**Aim of the exercise**
The material below holds pictures, which are to be left out; copy exactly the lines from the one with "历史159次系列赛3-0最终结果:4-0获胜 | 97次" through the one with "副院长王毅以《得与舍:西藏预".

**Source material**
<<<<

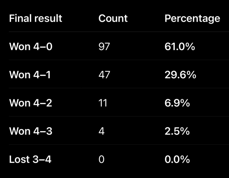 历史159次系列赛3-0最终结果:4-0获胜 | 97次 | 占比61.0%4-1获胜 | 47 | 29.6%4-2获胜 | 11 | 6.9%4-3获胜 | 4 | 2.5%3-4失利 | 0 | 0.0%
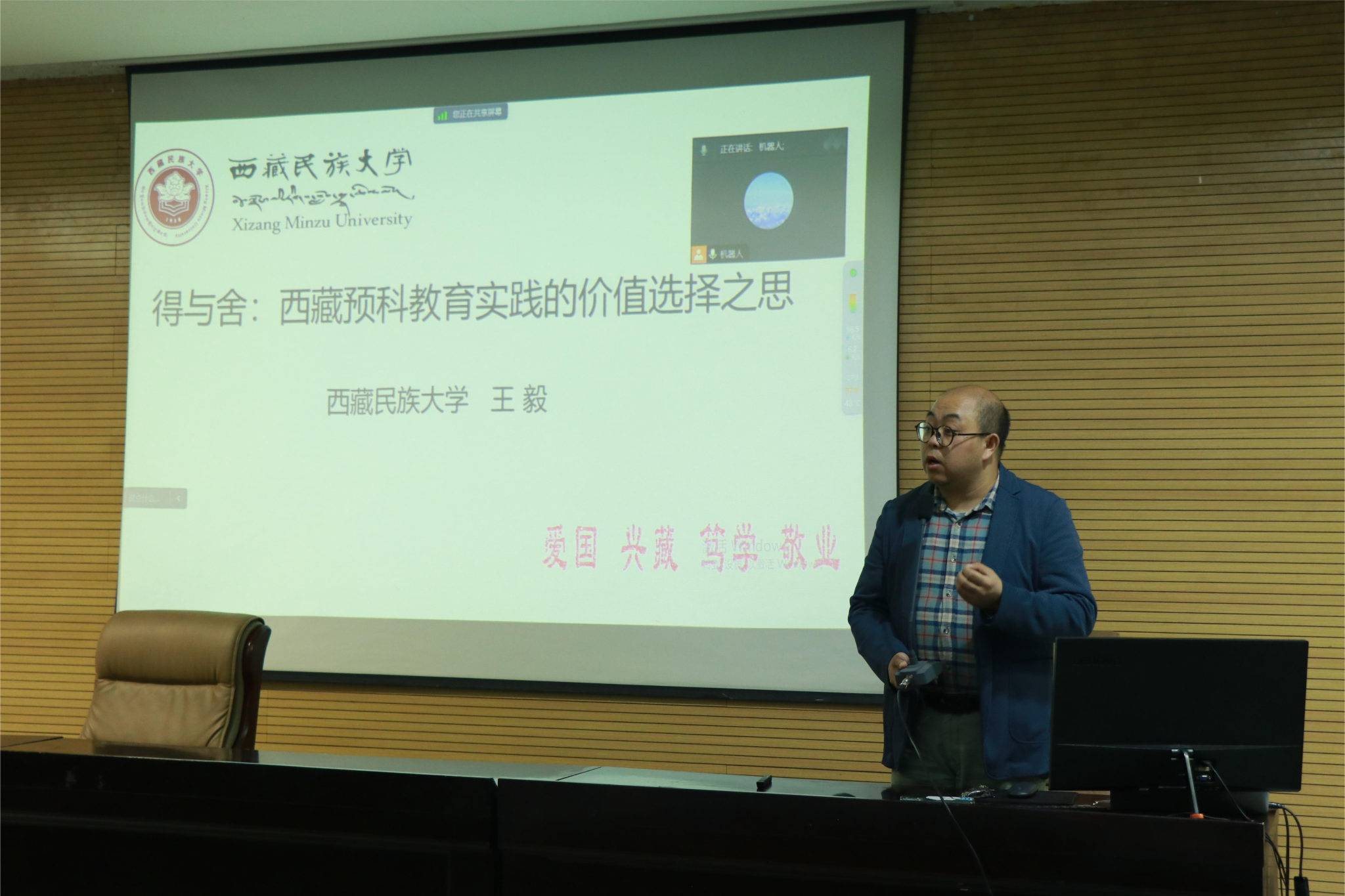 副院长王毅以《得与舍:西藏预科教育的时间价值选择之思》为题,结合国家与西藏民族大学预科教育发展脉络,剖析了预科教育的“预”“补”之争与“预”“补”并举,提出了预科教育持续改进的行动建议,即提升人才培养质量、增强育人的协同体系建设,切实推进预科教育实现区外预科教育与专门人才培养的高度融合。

>>>>
<<<<

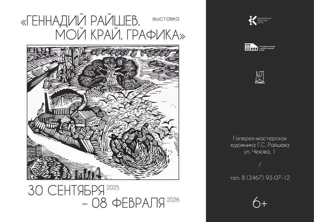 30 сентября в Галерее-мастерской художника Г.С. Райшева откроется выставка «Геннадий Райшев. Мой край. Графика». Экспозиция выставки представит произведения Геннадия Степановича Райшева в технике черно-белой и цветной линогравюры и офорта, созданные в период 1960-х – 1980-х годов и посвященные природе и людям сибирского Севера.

>>>>

**Solved exercise**
 历史159次系列赛3-0最终结果:4-0获胜 | 97次 | 占比61.0%4-1获胜 | 47 | 29.6%4-2获胜 | 11 | 6.9%4-3获胜 | 4 | 2.5%3-4失利 | 0 | 0.0%
 副院长王毅以《得与舍:西藏预科教育的时间价值选择之思》为题,结合国家与西藏民族大学预科教育发展脉络,剖析了预科教育的“预”“补”之争与“预”“补”并举,提出了预科教育持续改进的行动建议,即提升人才培养质量、增强育人的协同体系建设,切实推进预科教育实现区外预科教育与专门人才培养的高度融合。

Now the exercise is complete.